The Problem with Hotel Loyalty Programs

The Problem with Hotel Loyalty Programs is–

The “Wrong People” Get In

The management of Executive Lounges in luxury hotels should make us where a badge.  By ‘us’ I mean travelers like me who invade prestigious hotels and their ‘executive lounges’ by using Hilton points cards to charge gas, public television, trash pick-up and dog food. Nah, probably no badge is necessary in my case, the overstuffed cargo shorts tell the story.

Still, I could probably keep my status secret if I could just keep my mouth closed. Which I cannot. On the morning I had the idea about the badges, the ‘members only Executive Lounge’ was crowded due to the prestigious hotel’s outrageously expensive Independence Day dinner and dance the night before. (The Cinco de Mayo hoopla is an USA chain restaurant promotion to sell more tequila.)

I, too, had attended a Diez y Seis shindig. In fact, it was my childlike enthusiasm for this event that put the loser ‘L’ on my forehead and identified me as a patron in the lounge for the free food rather than to avoid the crowds at the regular restaurant.

I’d reached the lounge at 9:56 with the buffet closing down at 10:00 and asked to share a small round table next to the glass wall with a gentleman and his late twenties daughter. We exchanged basic information with the daughter saying she’d had just begun her professional life after six years of college.

The table here on the 26th floor would provide an excellent view of the parade to begin in an hour. The daughter asked about my Zapata tee-shirt from El Mercado Restaurant in San Antonio and that was enough to flip my “Viva Mexico!” switch.

Me: “Yes, I thought this was perfect to wear to the big fiesta.”

The daughter (eyes narrowed): “You went to the Zocalo last night . . . by yourself?”

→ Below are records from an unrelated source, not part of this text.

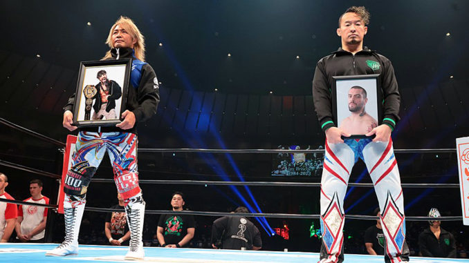 Hiroshi Tanahashi and Naomichi Marufuji stood in the ring holding portraits of Jay during a ten-bell salute. The Briscoes’ Ring of Honor theme ‘Reach for the Sky, Boy’ was then played.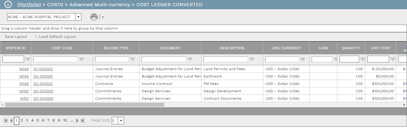 Each time a transaction in the Cost Ledgers is edited and saved additional data - cost ledger converted data - is automatically created as well. The cost ledger converted data is the total amount of each line in the cost ledger converted into every currency in the system using the currency settings of the original transaction. The exchange rate used in the calculation and the converted amount is displayed for each currency. By converting and storing all possible conversions as records are updated PMWeb can retrieve and display conversions very rapidly on system screens and in reports and queries.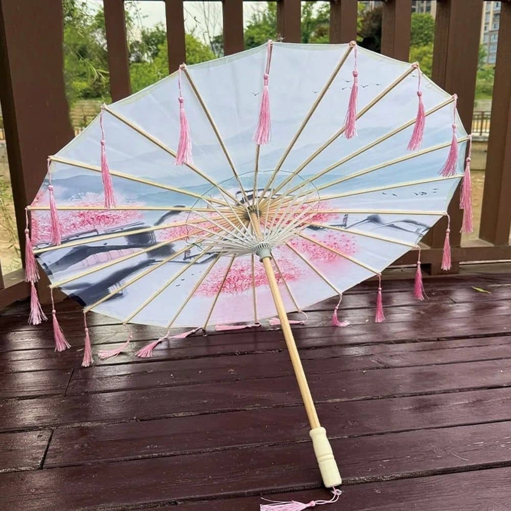 - Finitions : Chaque branche est ornée d’un pompon rose qui ponctue délicatement le pourtour de l’ombrelle, soulignant son allure traditionnelle et décorative.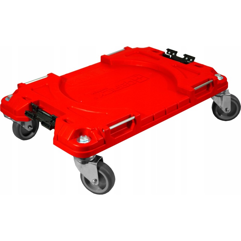 Qbrick System PRO Wysokiej jakości Platforma transportowa została wyposażona w cztery kółka obrotowe, dwa z hamulcem, oraz dwa bez. Łączy się z wszystkimi elementami systemu QBRICK SYSTEM PRO.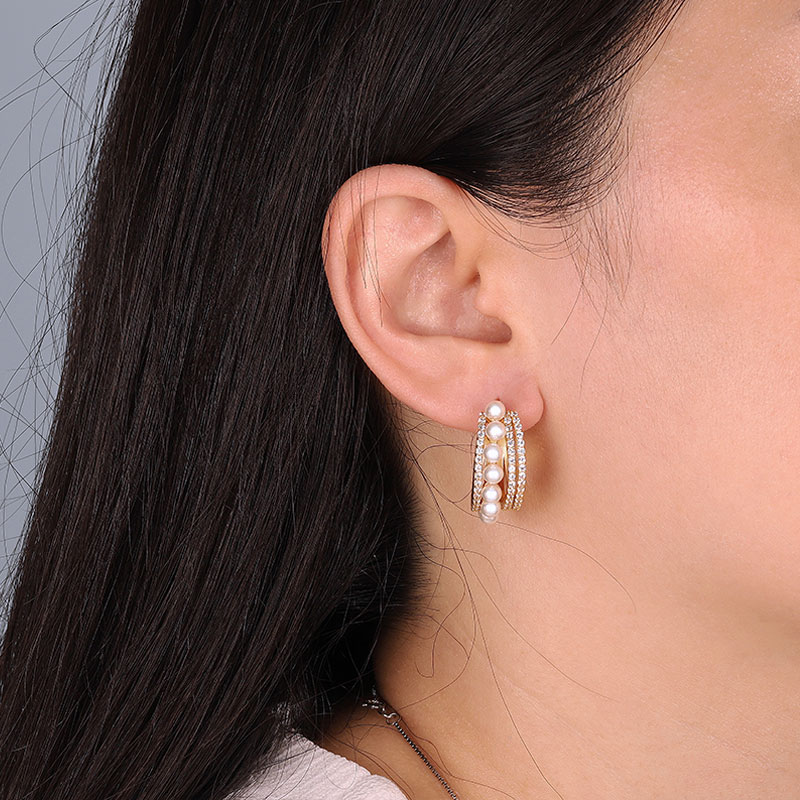 The pearl hoop earring is crafted in 925 sterling silver real gold plated with fine jewelry craft.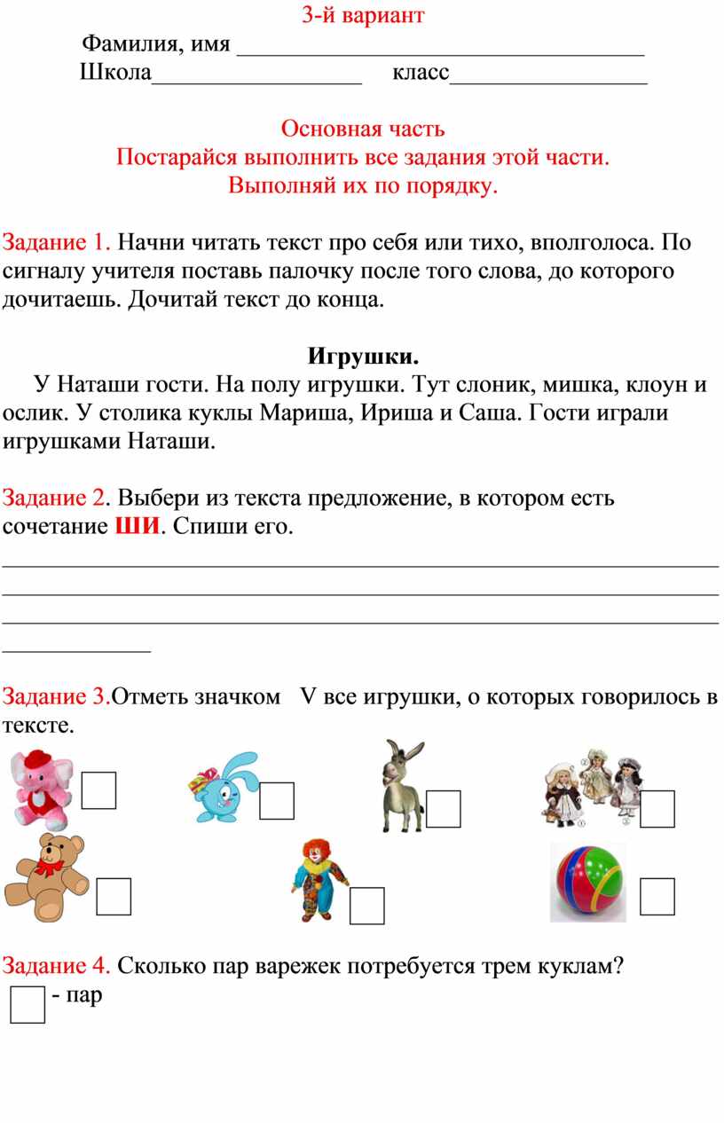 Задание 1. Начни читать текст про себя или тихо, вполголоса. По сигналу учителя поставь палочку после того слова, до которого дочитаешь. Дочитай текст до конца.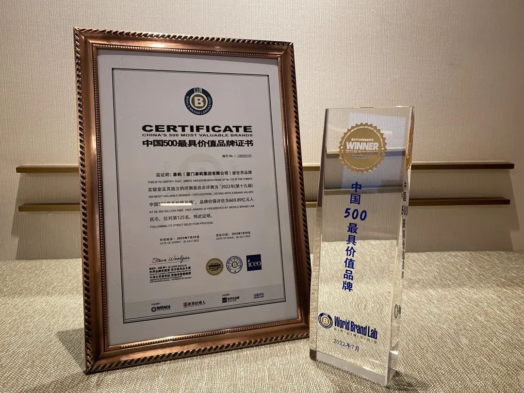 7月26日,由世界品牌實驗室主辦的第十九屆“世界品牌大會”在北京舉行,發(fā)布2022年度《中國500最具價值品牌》分析報告。象嶼以669.89億元的品牌價值位列榜單第125位,較上一年度前進6位。這是象嶼品牌連續(xù)4年蟬聯(lián)榜單,品牌價值較2019年首年入榜提升246.04億元。

It doesn’t say much for me as a psychologist that I didn’t pick up the distain in her voice and save my dignity. But, apparently, I have no social survival skills at all.

Me: “Sure.”

The daughter: “Now . . .  where did you say you are from?” Her tone suggested that, surely, I must be out of a treatment center on a pass.

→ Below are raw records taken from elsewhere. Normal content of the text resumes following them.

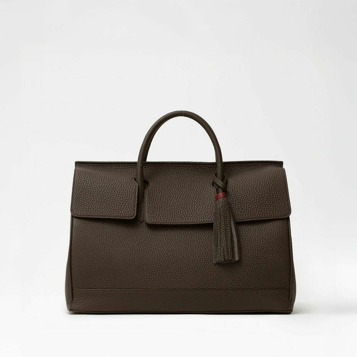 Es zeichnet sich durch sein schlichtes, aber luxuriöses Design aus, das durch klare Linien und eine sorgfältige Verarbeitung besticht. Ein besonderes Highlight ist das markante Quastenband, das der Tasche einen Hauch von Individualität und Raffinesse verleiht. Die Tasche bietet ausreichend Stauraum für alle wichtigen Gegenstände des Alltags, ohne dabei sperrig oder unhandlich zu wirken. Innen finden Sie verschiedene Fächer und Taschen, die eine geordnete Aufbewahrung von Dokumenten, Geldbörse, Smartphone und anderen Utensilien ermöglichen. Ein robustes Reißverschlusssystem sorgt dafür, dass alle Gegenstände sicher verwahrt sind.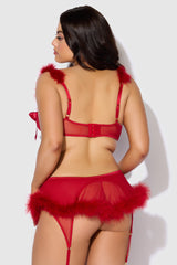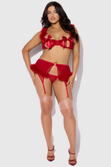 Unwrap pure temptation in the Marilyn Feather and Mesh Plus Size Lingerie Set. A bold statement of indulgence and confidence. Designed to embrace curves with unapologetic glamour, this red-hot set features soft mesh panels, sultry satin ribbon bows, and luxurious feather trim that flirts with every movement.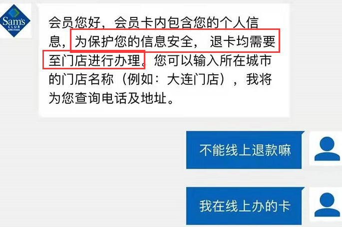 无论是网友晒的会员卡退卡记录单,还是山姆服务助手的聊天记录,都会发现山姆特地划了个重点: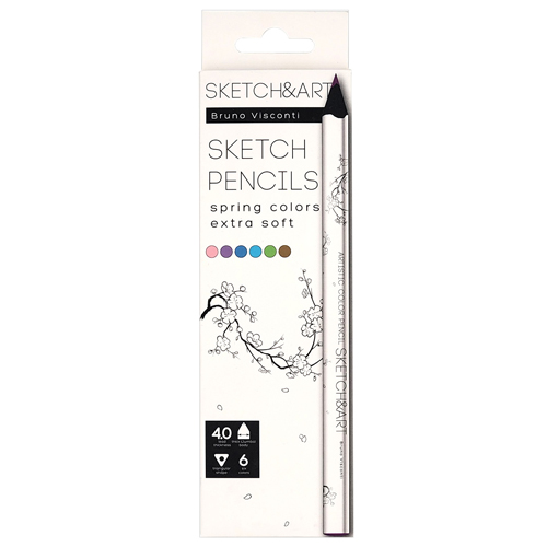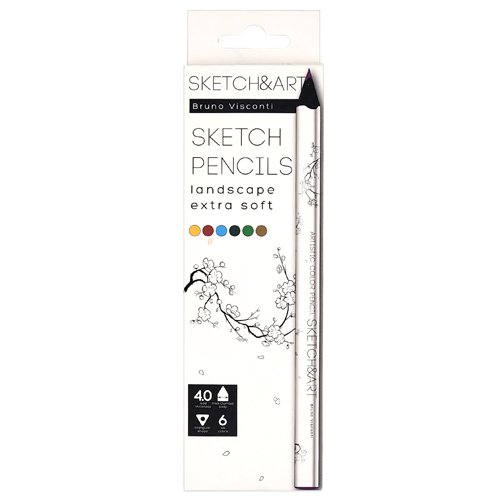 Карандаши " Bruno Visconti " Sketch&Art Весенний пейзаж 6цв утолщенные, трехгранные, деревянные, картонная упаковка, европодвес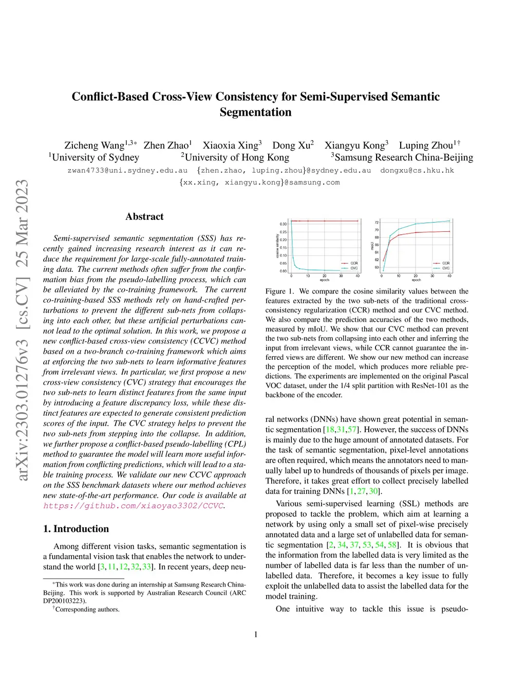 Conflict-Based Cross-View Consistency for Semi-Supervised Semantic

Me: “Texas. And get this! For the first time in my life, last night, being a woman was a giant free pass, because after a couple of hours the policia said all the women could go in first! What a deal! Viva! Viva la Revolución! Viva Zapata!”

The daughter, her eyes now slits: “Actually, I think that’s still a common practice in more primitive cultures.”

Me: “Still, it took almost three hours to get to the security check point. But, you know what? (Sounds like a question, but I was only taking a breath.) Even standing in the crowd was a blast because I met all kinds of people–farmers, students, couples with their kids, old men with great stories. Zapata and Pancho Villa mustaches. Flags, some people painted gold, sombreros and all! The thing is, the party’s not about politics or ‘Yea our country … or, we’re number one, you know. It’s about the concept of revolution, about hope of equality of for all people. How cool is that?”

Apparently not so cool. A gurgle bubbled up from the daughter, similar to cry of a doomed damsel in a horror movie.

The daughter: “Well, okay. The people from the country are mostly illiterate. They cling to the past like children. Pitiful, really. Lazy, most of them.”

Me: “Oh. I guess I don’t see it the same way.” My Inner Revolutionary was now engaged. “One of the things I love most about Mexico is the idea that art and music must be available to everyone, not just the rich. Like Diego Rivera only painting murals in public spaces. Some of the people last night even carried crosses.”

The daughter gathered her things to go: “Yes, it’s rather sad, really. The poor in this country are quite backward and superstitious.”

Me: “You don’t need to leave we can all see the par . . .”

The daughter: “Oh, no, dear. We will be watching the parade, but we have a reserved section in front of the hotel.”

Me: “Of course, you do. Maybe I’ll see you later. By the way, what’s that new profession you hinted about?”

The daughter: “I’m in wealth management.”

I wondered if any of the wealthy people ever broke the rule against attending free events and realized what they were missing?




I'm a psychologist who goes to way too many movies, for the same reason I chose this profession. I love stories. I use movies and novels working with people in my office and during speaking engagements. "You should write some of this down," I kept being told. So, this is it, folks.